## Work required
Your output should consist of the lines from the first line of the records below through the one with "Agriculture avril 9, 2025", exactly, minus the pictures.

---+---

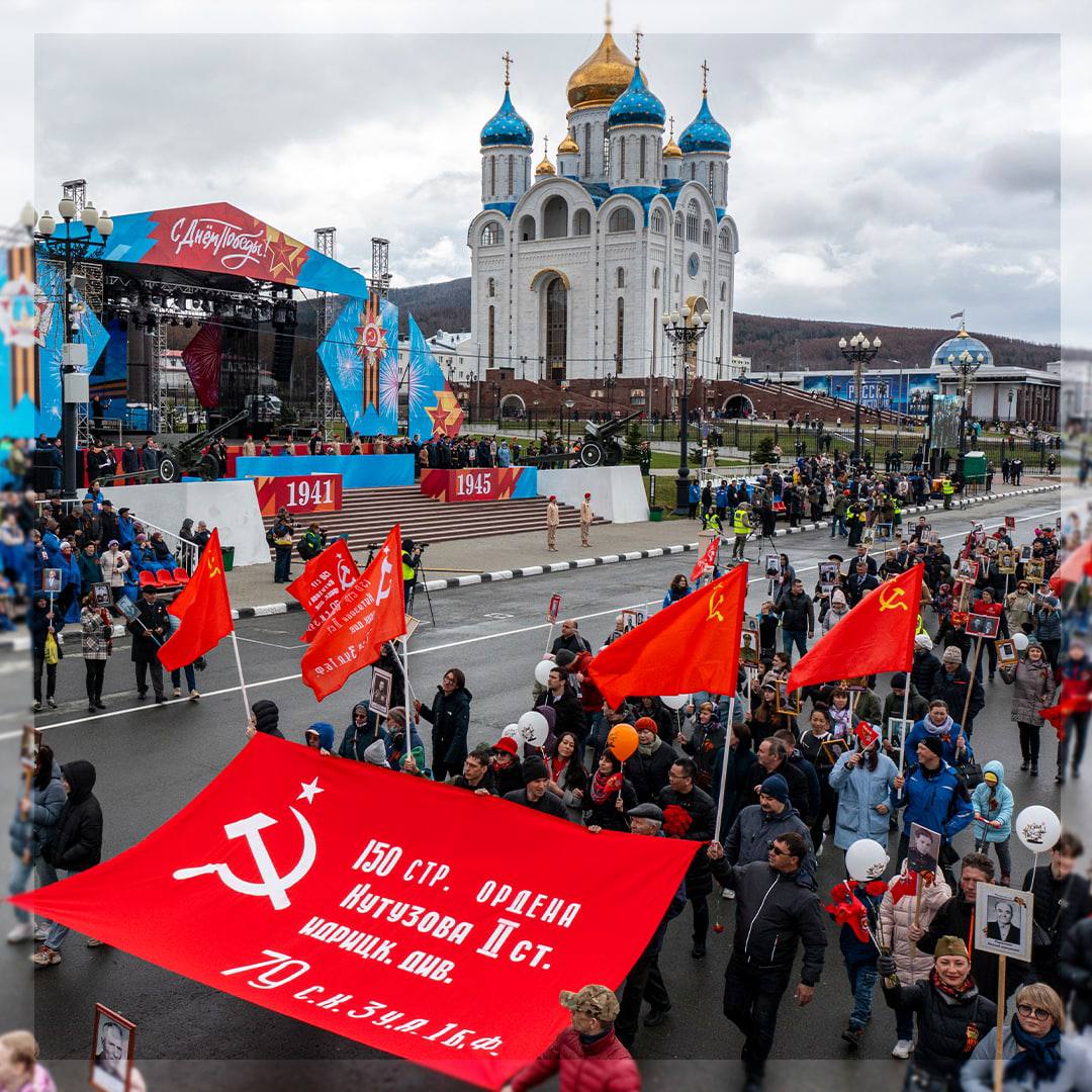 В г. Южно-Сахалинск прошел торжественный парад празднования 77-й годовщины Дня Победы в Великой Отечественной Войне, на мероприятии присутствовали секретарь областного Комитета Вячеслав Ким, первый секретарь областного Комитета ЛКСМ Павел Соловов, члены КПРФ, ЛКСМ и сторонники в большом количестве приняли участие в шествии «Бессмертного полка», возложении цветов к Вечному огню мемориального комплекса на площади Славы. Организованна фотозона с флагом Победы, на фоне которого фотографировались ветераны, офицеры, дети и все желающие.
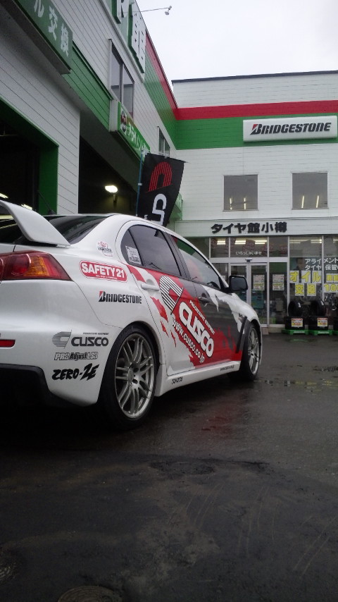 皆さん、こんにちは!こちらはタイヤ館小樽です。只今「春一番!CUSCO・Vacanza大商談会!」開催中です。本日の体感試乗デモカーはCZ4Aエボ10です! サスキット、ボディ補強、駆動系、など是非!クスコを体感してください。
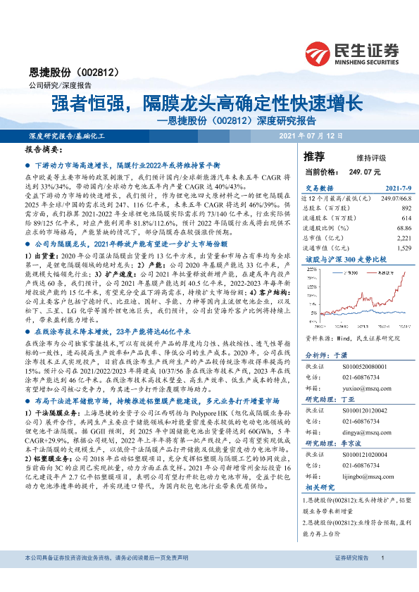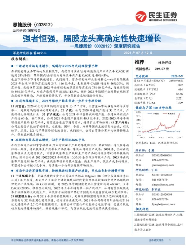 【民生证券】【20210712】强者恒强,隔膜龙头高确定性快速增长—恩捷股份(002812)深度研究报告-47页
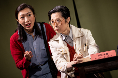 Sonnie Brown as Arthur Miller and Julia Gu as Biff Loman in a scene from Jeremy Tiang’s “Salesman 之死” at the Connelly Theatre (Photo credit: Maria Baranova)
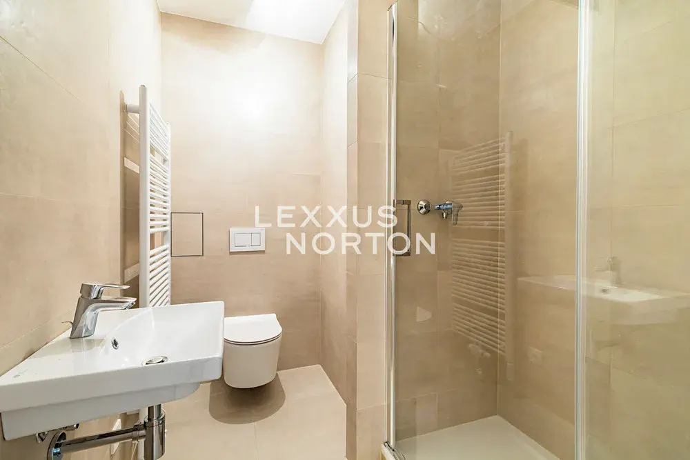 Koupelna disponuje sprchovým koutem a prostor je dále vybaven přívody pro instalaci kuchyňské linky. Podlahy jsou řešeny kombinací plovoucí podlahy a dlažby. Celý prostor je světlý, dobře uspořádaný a nabízí efektivní využití.
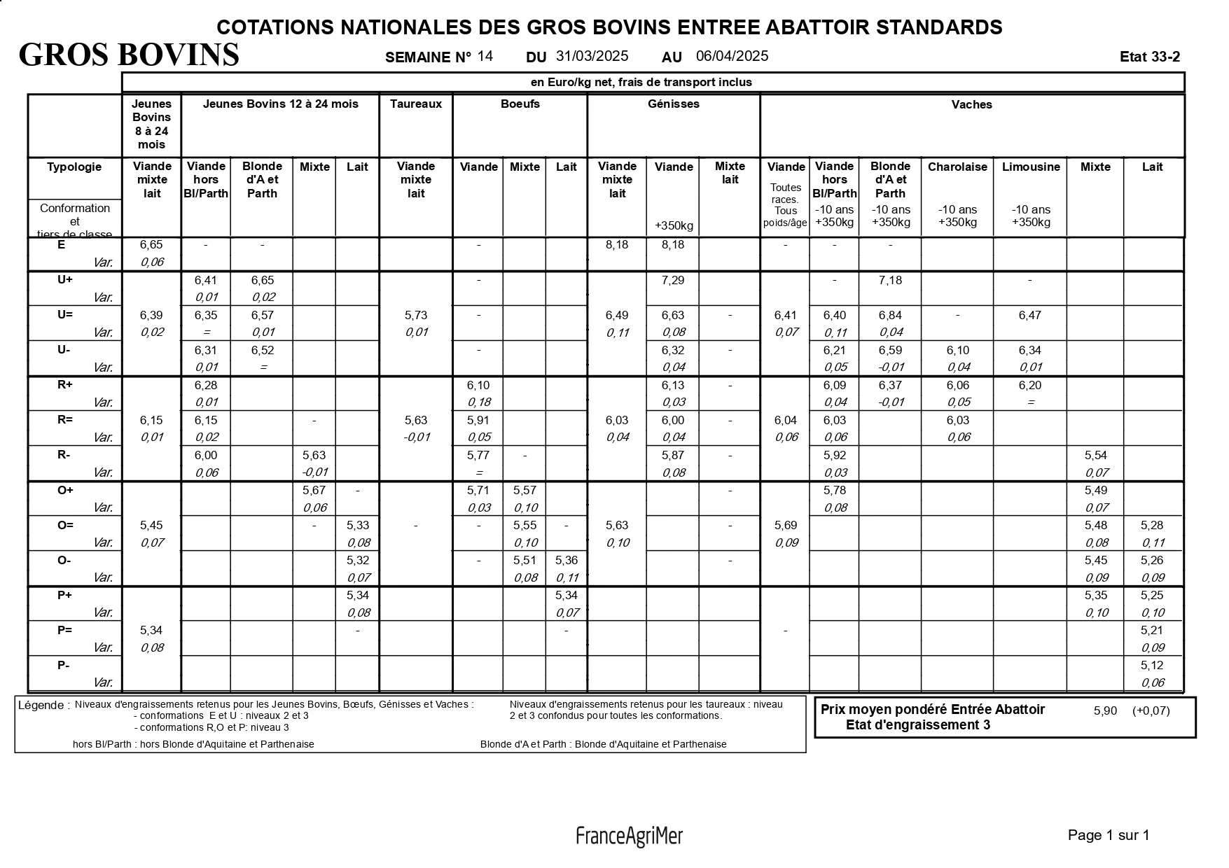 Agriculture avril 9, 2025 Aucun Commentaire 265 Cotations nationales des gros bovins : Semaine N°14 du 31 mars au 6 avril 2025 ✍️ TEST SIGNATURE
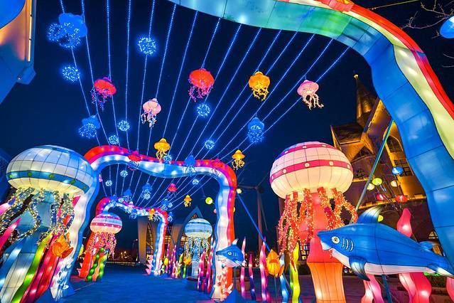 除了新增的夜游场景以外,那香海景区里的夜游体验也是丰富多彩。每当夜幕降临、华灯初上的时候,景区里一派五彩斑斓、斑驳陆离的浪漫景象,很多景点更是成为了向往美好、热爱潮酷的年轻人争相打卡的网红地。
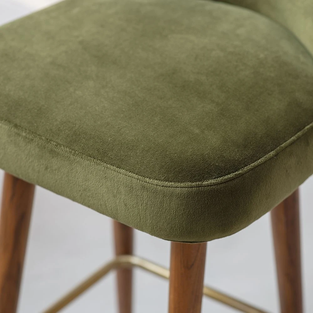Great for kitchen islands and breakfast bars, the stool features a brass metal detail on the base while its elegant silhouette is finished beautifully with refined and tapered legs with a contemporary mid wood finish that effortlessly matches both traditional and more modern room schemes. We love this deep green โ it works as an alternative to grey as a colour that goes with most colours and interior schemes โ it feels rich and luxurious yet fresh and new.
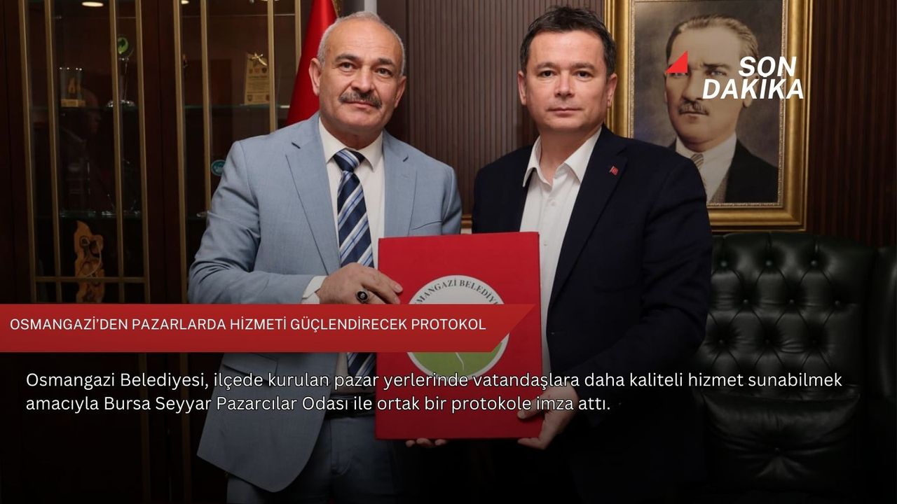 Osmangazi’de yaşayan vatandaşlara 7/24 daha nitelikli hizmet sunmayı hedefleyen Osmangazi Belediyesi, pazar yerlerindeki hizmet kalitesini artırmak amacıyla Bursa Seyyar Pazarcılar Odası ile iş birliği yaptı. Osmangazi Belediye Başkanı Erkan Aydın ile Bursa Seyyar Pazarcılar Odası Başkanı Refik Aksu arasında başkanlık makamında imzalanan protokol kapsamında, ilçede kurulan pazar yerlerinin daha çağdaş, düzenli ve sağlıklı bir yapıya kavuşturulması hedefleniyor.
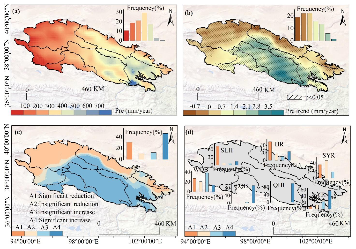 1950-2024年祁連山降水重建結(jié)果及時(shí)空變化特征。(a)重建降水的空間分布;(b) Sen’s趨勢(shì)估計(jì)與Mann-Kendall顯著性檢驗(yàn)結(jié)果;(c)祁連山降水時(shí)空變化的趨勢(shì)類型;(d)各子流域降水時(shí)空變化的趨勢(shì)類型。
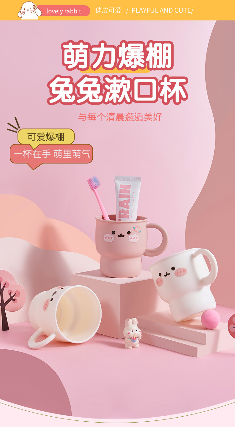 浴室洗刷塑料杯成人刷牙漱口杯子可爱兔子塑料漱口杯儿童学生
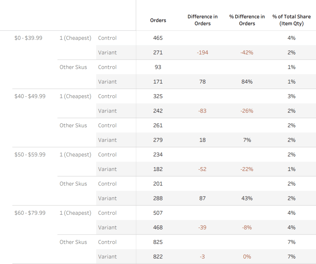 The Data Scientists and Project Manager team asked me to create a Tableau Dashboard to be able to look at the results of the A/B Tests. Data would need to be broken out by Control and Variant transactions, by Price Buckets, by Booking Window, as well as the ability to see how the lowest price skus were behaving vs all other skus. We needed this part due to price testing. All-in-pricing changed how we approached a lot of decisions in 2025.
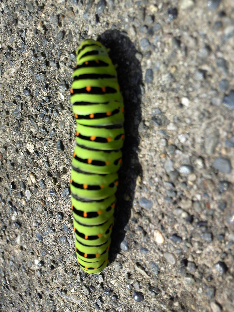 キアゲハの幼虫でした。 にんじんやパセリの葉がが好物みたい だから いたのね! かなりロックな配色に 絶対 綺麗な蝶々だと思って 図書館の図鑑で調べちゃった!何十年ぶりか?
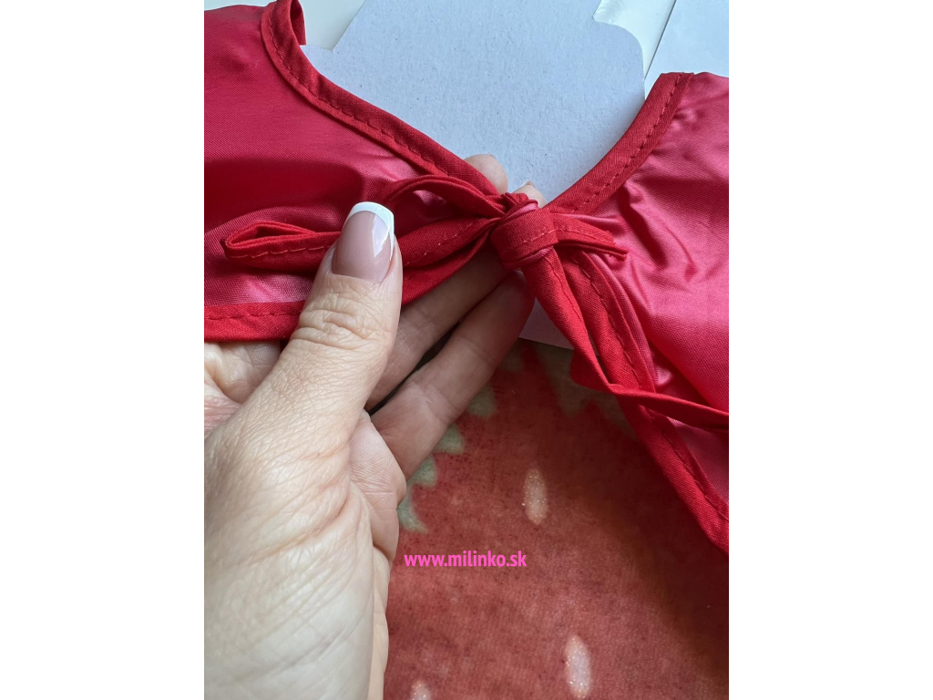 Podbradník Jahoda s dlhým rukávom je vhodným pomocníkom pre všetky situácie, kedy hrozí zašpinenie. Podbradník s dlhým rukávom zakrýva ramená, ruky a celú hruď. Je ľahučký, neobmedzuje dieťa v pohybe, zapína sa vzadu pri krku na šnúrky (podbradník nie je hračka, nenechávajte dieťa bez dozoru s podbradníkom). Vďaka vode odolnému materiálu je jednoduché ho udržiavať v čistote. Vrchná časť podbradníka je látka, ktorá je podšitá gumenou vrstvou, ktorá neprepúšťa nečistoty na oblečenie dieťatka.
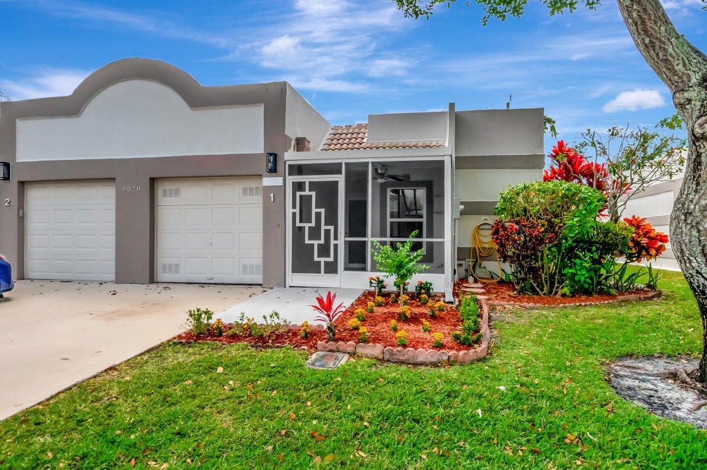 2/2 CORNER Villa, 1 car garage, front patio, updated kitchen, granite, stainless appliances, new wood look floor throughout, freshly painted, new hurricane impact windows, new front and back door, new led lights, new led fans, newly renovated master bathroom with barn door, newly renovated main bathroom, new electric panel, roof 11/24, no one is behind you, just bring your furniture and start to enjoy your life in Town Villas !!! Short walk to active clubhouse with heated pool, tennis and bocce courts, game and exercise rooms,etc.. Close to shopping,restaurants,and entertainment. This magnificent home is a must see !!!

---+---

## Result of this task
 В г. Южно-Сахалинск прошел торжественный парад празднования 77-й годовщины Дня Победы в Великой Отечественной Войне, на мероприятии присутствовали секретарь областного Комитета Вячеслав Ким, первый секретарь областного Комитета ЛКСМ Павел Соловов, члены КПРФ, ЛКСМ и сторонники в большом количестве приняли участие в шествии «Бессмертного полка», возложении цветов к Вечному огню мемориального комплекса на площади Славы. Организованна фотозона с флагом Победы, на фоне которого фотографировались ветераны, офицеры, дети и все желающие.
 皆さん、こんにちは!こちらはタイヤ館小樽です。只今「春一番!CUSCO・Vacanza大商談会!」開催中です。本日の体感試乗デモカーはCZ4Aエボ10です! サスキット、ボディ補強、駆動系、など是非!クスコを体感してください。
 【民生证券】【20210712】强者恒强,隔膜龙头高确定性快速增长—恩捷股份(002812)深度研究报告-47页
 Sonnie Brown as Arthur Miller and Julia Gu as Biff Loman in a scene from Jeremy Tiang’s “Salesman 之死” at the Connelly Theatre (Photo credit: Maria Baranova)
 Koupelna disponuje sprchovým koutem a prostor je dále vybaven přívody pro instalaci kuchyňské linky. Podlahy jsou řešeny kombinací plovoucí podlahy a dlažby. Celý prostor je světlý, dobře uspořádaný a nabízí efektivní využití.
 Agriculture avril 9, 2025 Aucun Commentaire 265 Cotations nationales des gros bovins : Semaine N°14 du 31 mars au 6 avril 2025 ✍️ TEST SIGNATURE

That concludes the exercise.